(Reuters) - Kevin Durant says Colin Kaepernick’s protests during the U.S. national anthem “touched a nerve” in society and sparked a national conversation about issues such as racial equality, the Golden State player told the San Jose Mercury News.
In an interview published on Monday, Durant said he admired the former San Francisco 49ers quarterback for taking the stance, despite the backlash it provoked.
“It definitely put me in a different place because we just started talking about stuff that’s always been going on,” Durant said.
“It was really out of nowhere ... He shocked everybody by doing that.
“You just see he touched something in people that we didn’t know was there,” Durant said. “I posted a picture of him on my Instagram, and the comments under that were ridiculous.
“So he kind of touched a nerve and the outrage from it made me a fan of him just because he decided to take all that on ...”

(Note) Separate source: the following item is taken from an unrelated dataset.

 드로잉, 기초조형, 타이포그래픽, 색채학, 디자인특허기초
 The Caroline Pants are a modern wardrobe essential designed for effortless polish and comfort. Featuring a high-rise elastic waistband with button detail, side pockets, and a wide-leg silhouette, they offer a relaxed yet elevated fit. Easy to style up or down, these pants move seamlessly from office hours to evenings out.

Kaepernick has been unemployed this season despite injuries at other teams that have created job openings. Some experts attribute his political activism as the key reason teams are wary of signing him.

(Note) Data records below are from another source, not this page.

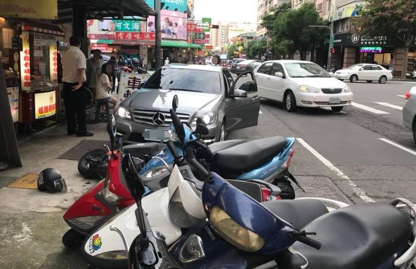 照片中,一輛銀灰色的賓士車停在路邊,前方一整排機車像骨牌一樣橫倒,險些就直接撞進一旁的攤販;而從另一個角度來看,賓士車的右側剛好就是車輪餅攤販的看板,可愛的畫風反而與車禍現場形成強烈對比。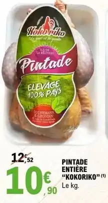 En plus de l'offre Pintade entiere, E.Leclerc propose une large gamme de produits. Consultez le Catalogue E.Leclerc hebdomadaire pour découvrir les meilleures offres et promotions. En plus de Pintade entiere, il y a aussi : PINTADE ENTIÈRE “KOKORIKO”, Pintade chaponne & Porc: poitrine entière avec os.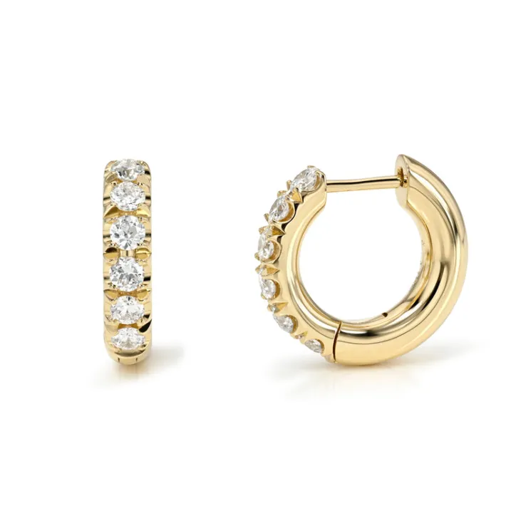 Approximately 0.50ctw G-H/VS old European cut diamonds pavé set in handcrafted 18K yellow gold huggie earrings.
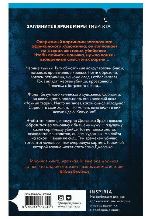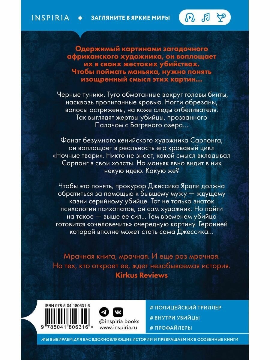 Фанат безумного кенийского художника Сарпонга, он воплощает в реальность его кровавый цикл "Ночные твари". Никто не знает, какой смысл вкладывал Сарпонг в свои холсты. Но маньяк явно видит в них некую идею. Какую же?

He opted out of his contract with the 49ers in the offseason but has said his agent reached out to all 32 teams to make sure they were aware of his interest in playing this season.
The protests began in 2016 when Kaepernick began sitting and later kneeling during the anthem to call attention to the killing by police of unarmed black men and boys across the United States, as well as racial disparities in the criminal justice system.
Kaepernick inspired many NFL players to kneel in protest during renditions of the national anthem, most notably in September after U.S. President Donald Trump said kneeling players should be fired for disrespecting the country.
Durant, 29, who moved to the NBA champion Warriors last year after eight seasons with the Oklahoma City Thunder, said his focus on basketball had helped insulate him from trouble when he was growing up.
“I kind of grew up in this basketball world, whereas my talent kind of overrides what I look like,” said the 2014 NBA Most Valuable Player.
“I didn’t have it as rough when it comes to that, as far as social or systematic oppression or any social issues. They didn’t really apply to me because I could put a ball in a basket.”